[DATA SUPPLIED Boundary: Start]

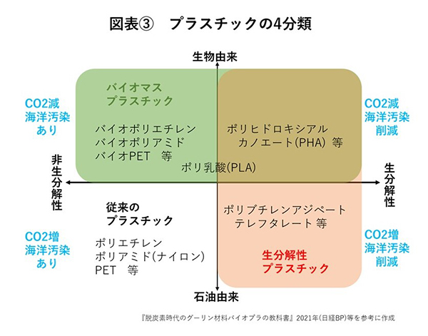 図表(3)のように、生物由来⇔石油由来と生分解性⇔非生分解性の4象限で、プラスチックを分類することができます。
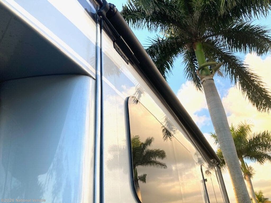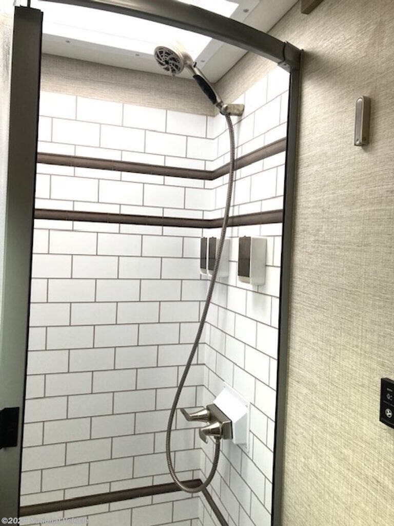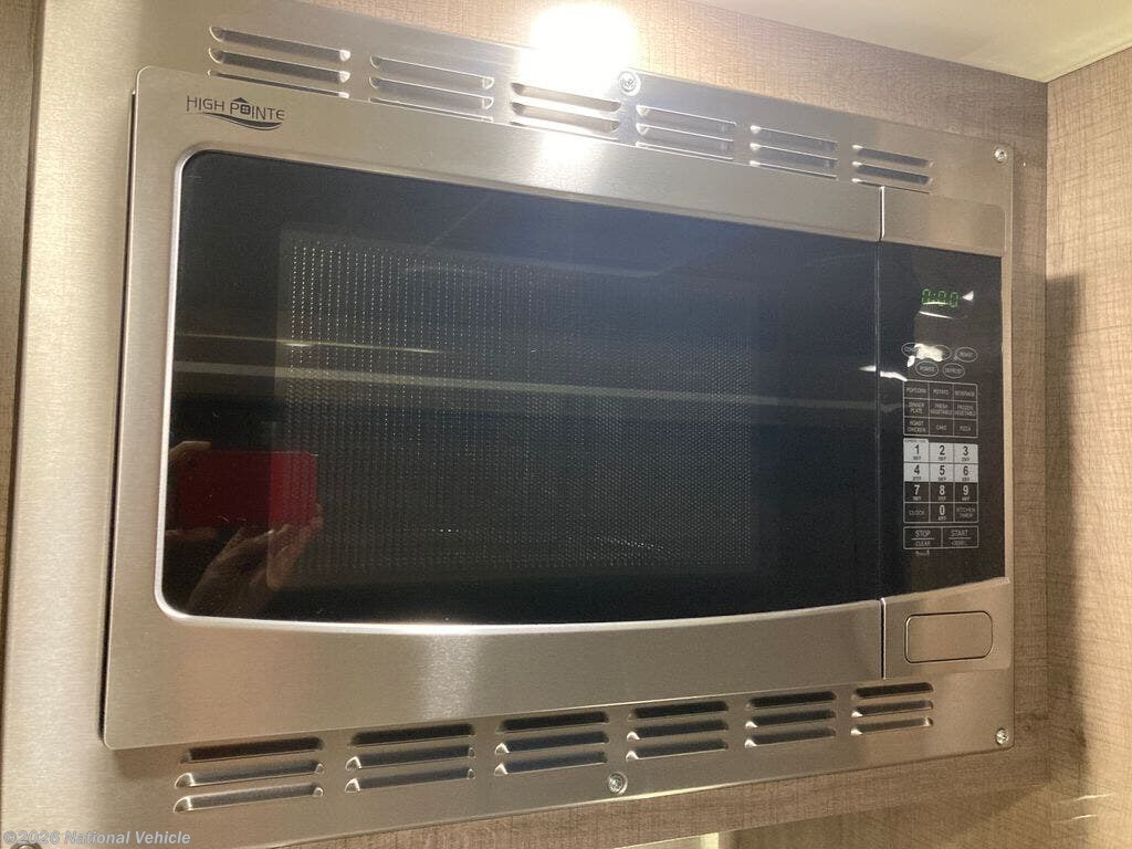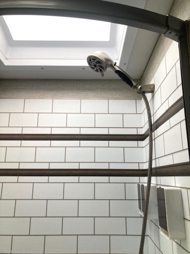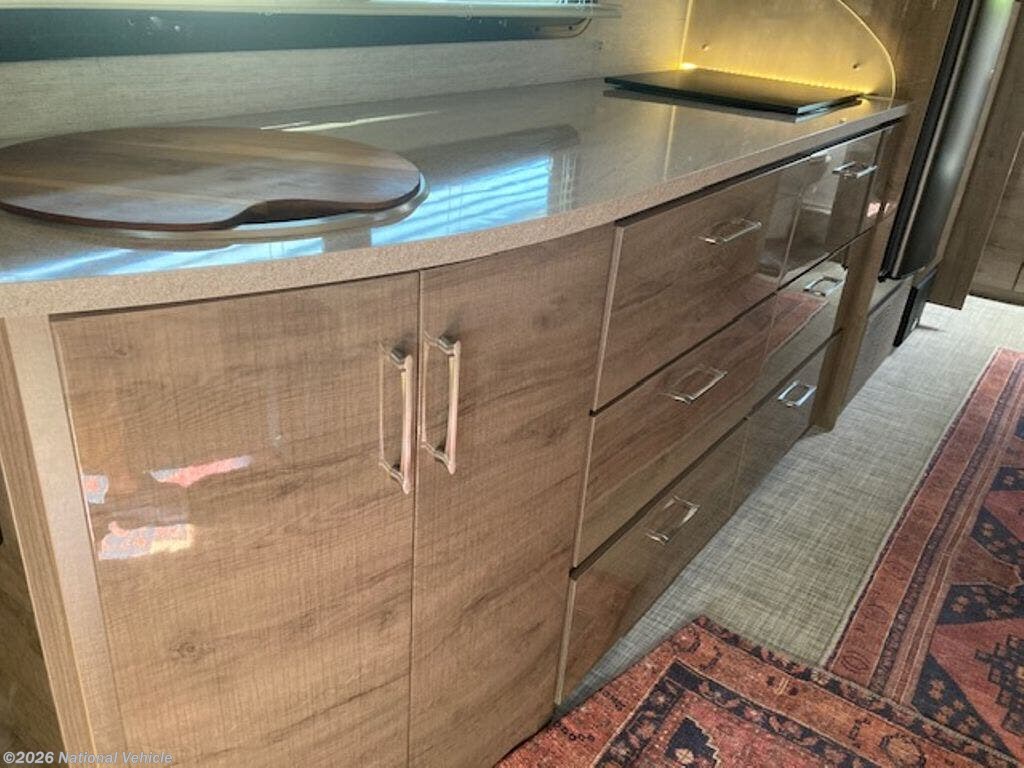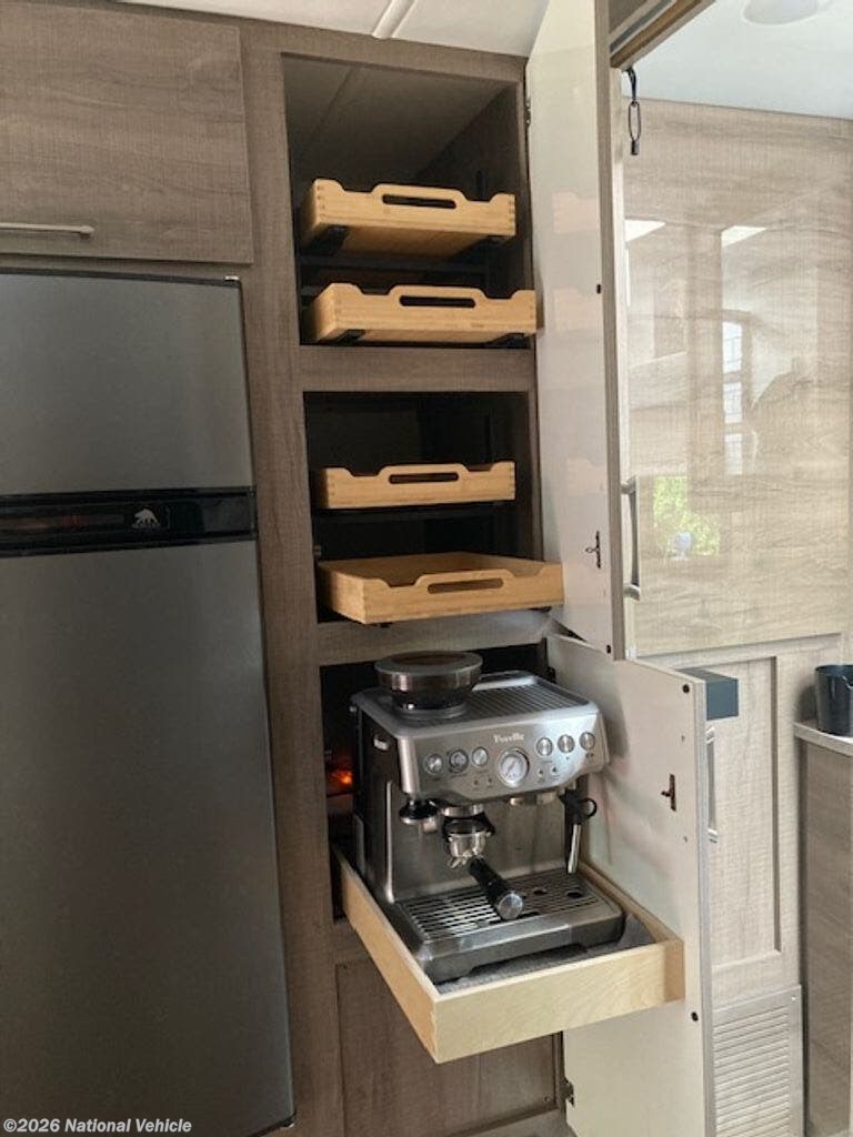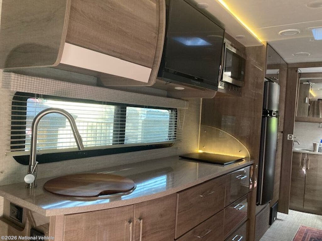Inside, the coach is beautifully appointed with solid surface countertops, a stovetop, convection microwave oven, and refrigerator/freezer. The entertainment system includes a living room TV, radio with interior and exterior speakers, and a Winegard 2.0 WiFi booster for improved connectivity on the road.
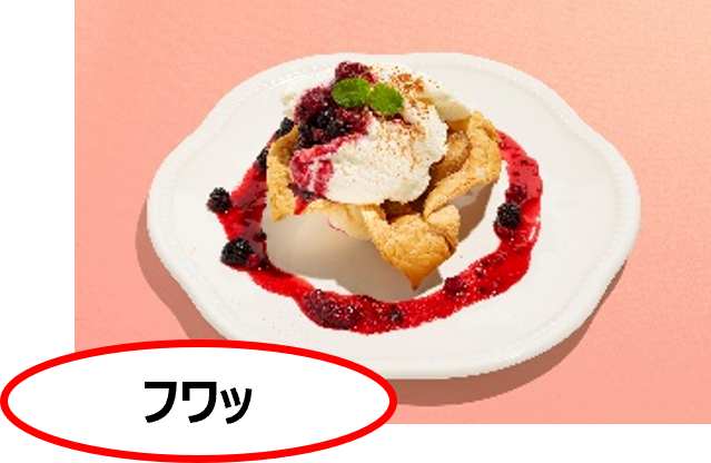 サクサクのパイ生地をベース に、バターで焼き上げた林檎を添え、上にはたっぷりのアイスクリームとベリーソースをかけました。アクセントにフワッと香るシナモンで仕上げました。
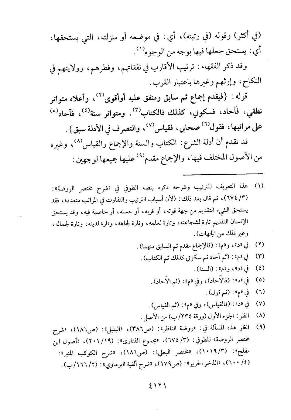 قَوْله: {فَيقدم إِجْمَاع ثمَّ سَابق ومتفق عَلَيْهِ أَو أقوى، وَأَعلاهُ متواتر نطقي، فآحاد، فسكوتي، كَذَلِك فالكتاب، ومتواتر سنة، فآحاد على مراتبها، فَقَوْل صَحَابِيّ، فَقِيَاس، وَالتَّصَرُّف فِي الْأَدِلَّة سبق} .
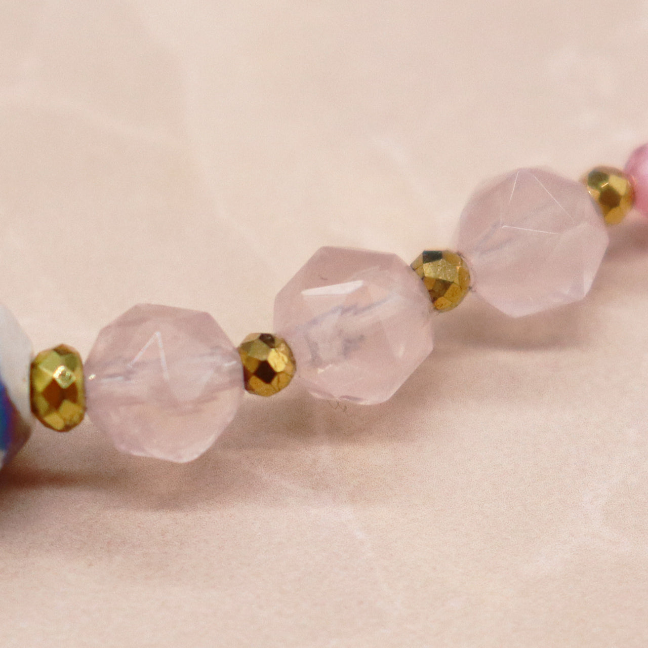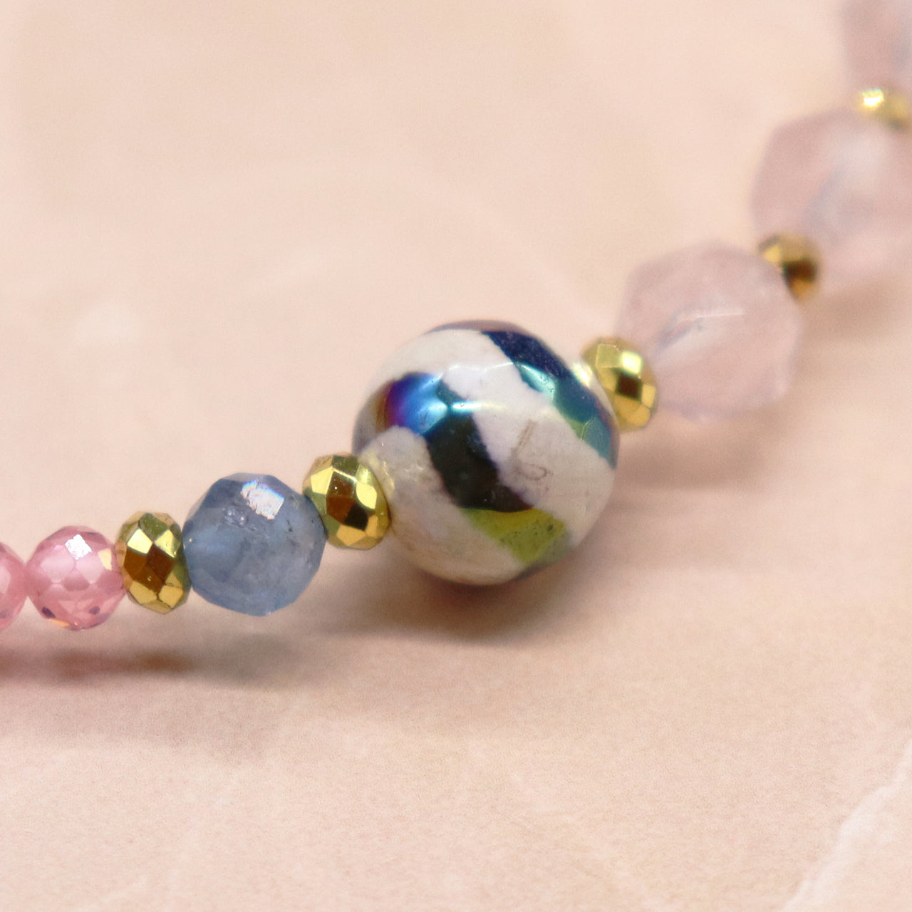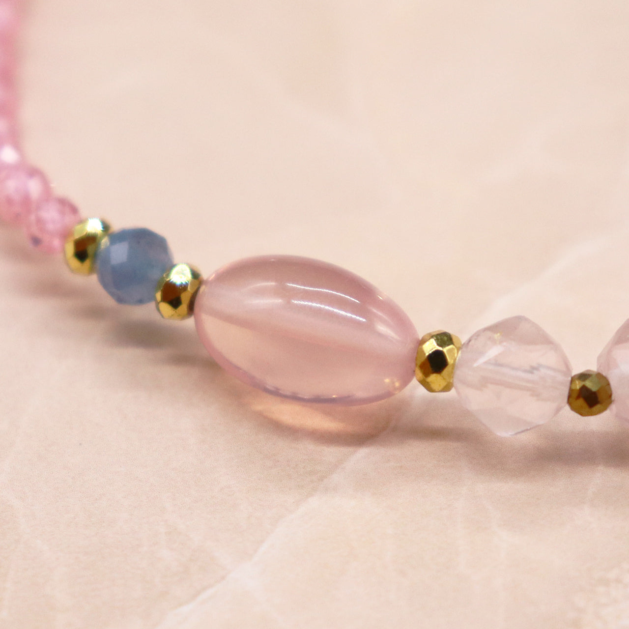 【Blooming Pink Roses】水紋天珠×ローズクォーツ×ジルコニア×アクアマリン ブレスレット

[DATA SUPPLIED Boundary: End]

• _WHAT TO DO_: Retype the records verbatim, excluding each image they hold.

• _OUTPUT_:
 図表(3)のように、生物由来⇔石油由来と生分解性⇔非生分解性の4象限で、プラスチックを分類することができます。
Inside, the coach is beautifully appointed with solid surface countertops, a stovetop, convection microwave oven, and refrigerator/freezer. The entertainment system includes a living room TV, radio with interior and exterior speakers, and a Winegard 2.0 WiFi booster for improved connectivity on the road.
 サクサクのパイ生地をベース に、バターで焼き上げた林檎を添え、上にはたっぷりのアイスクリームとベリーソースをかけました。アクセントにフワッと香るシナモンで仕上げました。
 قَوْله: {فَيقدم إِجْمَاع ثمَّ سَابق ومتفق عَلَيْهِ أَو أقوى، وَأَعلاهُ متواتر نطقي، فآحاد، فسكوتي، كَذَلِك فالكتاب، ومتواتر سنة، فآحاد على مراتبها، فَقَوْل صَحَابِيّ، فَقِيَاس، وَالتَّصَرُّف فِي الْأَدِلَّة سبق} .
 【Blooming Pink Roses】水紋天珠×ローズクォーツ×ジルコニア×アクアマリン ブレスレット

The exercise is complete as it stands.